Alguns sinais já vinham azedando o humor do investidor em relação ao comprometimento do governo brasileiro com o equílibrio das contas públicas. Mas a sexta-feira (11) sepultou o apetite a risco, consolidado pelas falas do presidente Luiz Inácio Lula da Silva, que trouxe de volta à pauta uma promessa de campanha que prevê mais renúncia fiscal.

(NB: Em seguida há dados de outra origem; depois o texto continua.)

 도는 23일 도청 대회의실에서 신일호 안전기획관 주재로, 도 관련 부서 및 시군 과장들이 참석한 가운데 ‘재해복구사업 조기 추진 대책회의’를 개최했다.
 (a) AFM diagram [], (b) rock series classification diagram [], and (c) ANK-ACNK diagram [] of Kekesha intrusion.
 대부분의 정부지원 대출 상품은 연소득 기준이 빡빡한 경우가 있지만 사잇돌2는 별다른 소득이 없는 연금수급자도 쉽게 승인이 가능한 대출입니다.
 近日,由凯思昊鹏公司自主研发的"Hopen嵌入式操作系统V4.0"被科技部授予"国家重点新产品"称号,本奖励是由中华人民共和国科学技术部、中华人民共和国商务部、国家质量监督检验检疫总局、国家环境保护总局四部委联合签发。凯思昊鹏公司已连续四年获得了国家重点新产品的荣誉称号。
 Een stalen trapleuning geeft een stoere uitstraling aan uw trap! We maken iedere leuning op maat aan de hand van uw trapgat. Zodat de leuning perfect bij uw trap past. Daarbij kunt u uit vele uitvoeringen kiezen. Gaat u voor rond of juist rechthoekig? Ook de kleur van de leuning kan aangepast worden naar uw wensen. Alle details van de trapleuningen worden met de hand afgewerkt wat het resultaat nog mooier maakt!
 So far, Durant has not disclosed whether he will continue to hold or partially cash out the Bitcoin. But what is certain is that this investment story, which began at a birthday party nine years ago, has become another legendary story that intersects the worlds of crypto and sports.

Em linha com outros discursos do passado, Lula defendeu a proposta das eleições de 2022 de isentar o imposto de renda para trabalhadores que ganham até R$ 5 mil. Para completar, o petista sinalizou ainda que a compensação possa vir do bolso de investidores em ações, sinalizando o fim da isenção de imposto dos dividendos.

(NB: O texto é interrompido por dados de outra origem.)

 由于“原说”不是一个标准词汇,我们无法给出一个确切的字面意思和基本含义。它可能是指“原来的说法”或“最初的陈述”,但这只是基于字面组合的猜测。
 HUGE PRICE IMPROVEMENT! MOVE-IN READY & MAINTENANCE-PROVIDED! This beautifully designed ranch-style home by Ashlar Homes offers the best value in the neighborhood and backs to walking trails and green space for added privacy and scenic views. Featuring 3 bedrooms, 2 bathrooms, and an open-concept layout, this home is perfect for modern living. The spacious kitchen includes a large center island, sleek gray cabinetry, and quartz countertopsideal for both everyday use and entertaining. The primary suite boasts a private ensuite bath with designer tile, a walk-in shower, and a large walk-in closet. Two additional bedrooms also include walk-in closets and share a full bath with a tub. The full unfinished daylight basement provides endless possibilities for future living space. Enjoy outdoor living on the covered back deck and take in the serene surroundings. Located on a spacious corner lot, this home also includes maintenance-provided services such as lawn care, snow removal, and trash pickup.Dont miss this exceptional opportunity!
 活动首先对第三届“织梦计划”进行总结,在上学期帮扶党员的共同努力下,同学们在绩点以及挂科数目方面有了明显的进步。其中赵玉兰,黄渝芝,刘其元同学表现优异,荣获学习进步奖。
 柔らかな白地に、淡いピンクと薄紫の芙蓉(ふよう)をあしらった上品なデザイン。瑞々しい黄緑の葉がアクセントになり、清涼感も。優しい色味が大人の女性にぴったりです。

- O Ibovespa caiu 0,28%, aos 129.992 pontos, encerrando a semana com recuo de 1,37%. No mês, o prejuízo já é de 1,38%. Enquanto isso, a queda no acumulado do ano chega passa de 3,12%.
- O giro financeiro foi, mais uma vez, fraco, alcançando R$ 12 bilhões durante as negociações. O volume ficou abaixo da média diária dos últimos 12 meses, de R$ 16,6 bilhões.
“A fala acabou gerando um mal estar e pessimismo no mercado hoje com bolsa caindo, dólar subindo, além de estresse nos juros futuros, que já vinham subindo após dados de inflação um pouco acima do esperado”, afirma Fabio Louzada, economista, planejador financeiro e fundador da Eu me banco.
Diante desses ruídos, o Ibovespa ficou de fora da festa no exterior. Tanto nos índices europeus quantos em Nova York, a semana foi de alta. Não deu para surfar na onda de bom humor trazido pela inflação ao produtor (PMI, na sigla em inglês) nos Estados Unidos.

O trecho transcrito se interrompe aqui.